Records for this task:
:::::
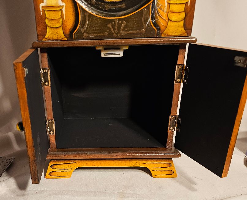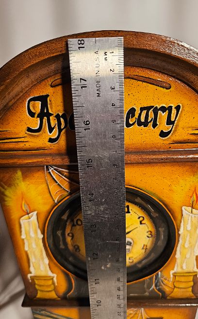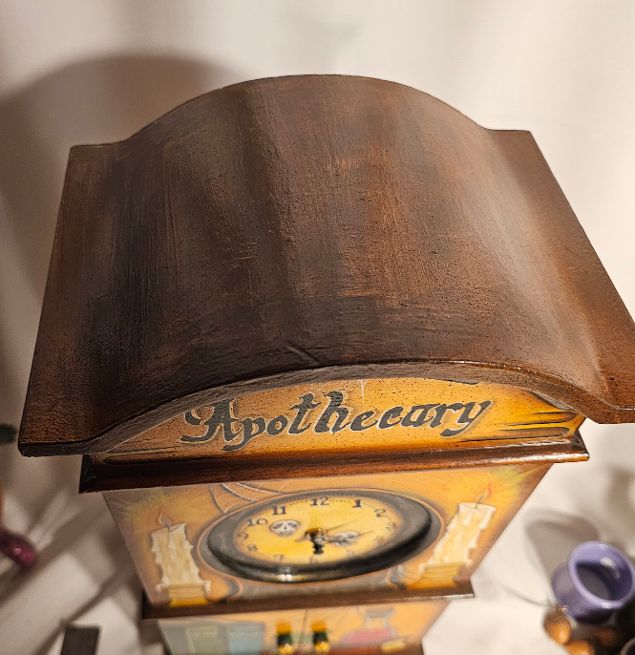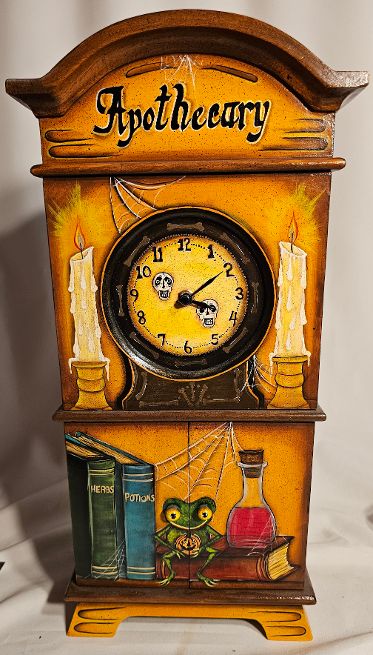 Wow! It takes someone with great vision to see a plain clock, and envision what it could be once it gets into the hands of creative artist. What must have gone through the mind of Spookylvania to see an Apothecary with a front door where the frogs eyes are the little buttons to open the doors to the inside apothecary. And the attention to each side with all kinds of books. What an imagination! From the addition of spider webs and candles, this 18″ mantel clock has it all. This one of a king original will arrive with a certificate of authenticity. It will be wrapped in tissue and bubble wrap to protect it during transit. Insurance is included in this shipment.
:::::
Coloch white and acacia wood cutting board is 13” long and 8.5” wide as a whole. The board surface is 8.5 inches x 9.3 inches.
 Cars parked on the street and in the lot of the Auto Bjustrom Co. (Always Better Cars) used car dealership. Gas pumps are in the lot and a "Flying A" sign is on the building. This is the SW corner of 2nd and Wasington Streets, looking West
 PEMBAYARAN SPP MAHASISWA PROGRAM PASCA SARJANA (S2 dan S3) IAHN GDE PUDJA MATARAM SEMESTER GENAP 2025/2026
:::::
What you need to do:
Your task for the entries above: copy exactly the span starting with the line with "Cars parked on" and going on through the line with "PEMBAYARAN SPP MAHASISWA", both lines included, and nothing else.

Expected answer:
 Cars parked on the street and in the lot of the Auto Bjustrom Co. (Always Better Cars) used car dealership. Gas pumps are in the lot and a "Flying A" sign is on the building. This is the SW corner of 2nd and Wasington Streets, looking West
 PEMBAYARAN SPP MAHASISWA PROGRAM PASCA SARJANA (S2 dan S3) IAHN GDE PUDJA MATARAM SEMESTER GENAP 2025/2026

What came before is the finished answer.